The only thing I would caution you against is the possibility of limited subway access on weekends. Then again, I was coming from Greenpoint and wasn't terribly picky.

Not to gush, but I freaking love this neighborhood. Yeah, it's chi-chi at times and I feel like a scrub if I pad to the bodega in workout clothes and no makeup, but the benefits of a beautiful neighborhood and effusively nice people (I'd never known the names of my neighbors until I moved here) and the Brooklyn Flea and the CSA and the park? It's just so quintessentially Brooklyn that you feel like you're on The Cosby Show.
posted by zoomorphic at 2:27 PM on April 2, 2010


Response by poster: This is all super helpful, thanks!
posted by ocherdraco at 3:29 PM on April 2, 2010


*pulls up chair and sits down*

It's becoming very foodie. There's the Greenmarket every saturday, and there are five (five!) CSA's. Myrtle Avenue, Dekalb, and Fulton/Lafayette are the main "drags" when it comes to restaurants (including a Habana Outpost, which is only open in summer as it's solar-powered; but they have great food, and they show free movies against the solar panels on Sunday nights in the summer). Other "spots" are Madiba, a great South African restaurant, and Tillie's, a coffee shop with open mike nights and a gallery featuring local artists.

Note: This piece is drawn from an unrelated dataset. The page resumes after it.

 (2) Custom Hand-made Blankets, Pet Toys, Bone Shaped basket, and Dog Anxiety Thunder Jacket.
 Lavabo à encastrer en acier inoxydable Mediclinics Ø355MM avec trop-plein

Clinton Hill is pretty much Atlantic-to-Myrtle as the northern and southern borders, and Carlton Avenue and Bedford as the east-to-west borders.

Halloween is adorable. I live on Clinton Avenue, and there's a brownstone two blocks down from me where everyone's lived there forever and they all collaborate on a huge sort of talent show/skit thing in their front yard every Halloween, and they block off two blocks of Clinton Avenue for the block party -- the houses on the blocks are the unofficial "trick or treat" zone, so you see all the kids running around going out of their minds getting candy and every half hour OH HEY LET'S GO SEE THE SHOW and then the show ends and they go back to trick or treating and HEY THEY'RE DOING THE SHOW AGAIN and...the next avenue over, Waverly, is starting to get in on the act too - there's another group that all lives in the same building that gets dressed up in costumes and gives a concert, and last year yet another house did some goofy tableau in their garage where they spray painted the inside blue and set up skyscrapers made of cardboard boxes, then one of them dressed up as Godzilla and the other as King Kong and they staged a fight.

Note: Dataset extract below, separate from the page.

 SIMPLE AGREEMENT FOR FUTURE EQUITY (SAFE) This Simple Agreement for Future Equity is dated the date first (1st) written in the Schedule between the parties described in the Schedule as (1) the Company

The neighborhood new year's tradition happens at Pratt -- there's a big collection of steam whistles on campus, and they drag them out onto the campus center and set them up, at 11:30 someone starts playing songs on a steam carillion and then right at midnight they sound off all 20 steam whistles at once. Then they leave them out for about an hour longer and let people take turns pulling the cords to sound some of the whistles off themselves. (And we're talking steam whistles salvaged from locomotives and steamships here...I think the one I sounded was from the S.S. NORMANDIE).

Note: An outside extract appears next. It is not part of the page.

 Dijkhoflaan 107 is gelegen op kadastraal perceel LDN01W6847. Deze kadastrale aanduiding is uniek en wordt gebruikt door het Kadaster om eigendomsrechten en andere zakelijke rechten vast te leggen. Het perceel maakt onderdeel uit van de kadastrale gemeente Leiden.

Commuting can sometimes be an issue -- you may have to do some mix of one subway to another subway, or a bus to a subway. When I worked in East Midtown I took the G to Court Square in Queens, then transferred onto the V and rode one stop in. Today I work in New Jersey, and take the G two stops to the C, then the C up to Port Authority; but the G to the C to the Path is another option. Figure on an hour into Midtown, about a half hour to downtown. You may have to experiment to get your best option (bus or no bus, G to the C or walk to the C...) But, I have to say, buses do expand your options rather a bit. There are rather a few of them, and most have escaped the MTA service cuts.

Clinton Hill is a bikeable distance from Park Slope, the Botanic Garden, and the main branch of Brooklyn's library.

Not too studenty; there's one bar near me that's more "studenty" than the rest of the neighborhood, but not "frat boy" studenty, more like "fresh-faced" studenty. My current roommate had checked out the neighborhood several months before moving in, when he was still deciding what neighborhood he wanted to live in, and told me that this felt like more OF a "neighborhood" and that was one of the reasons he looked in this area.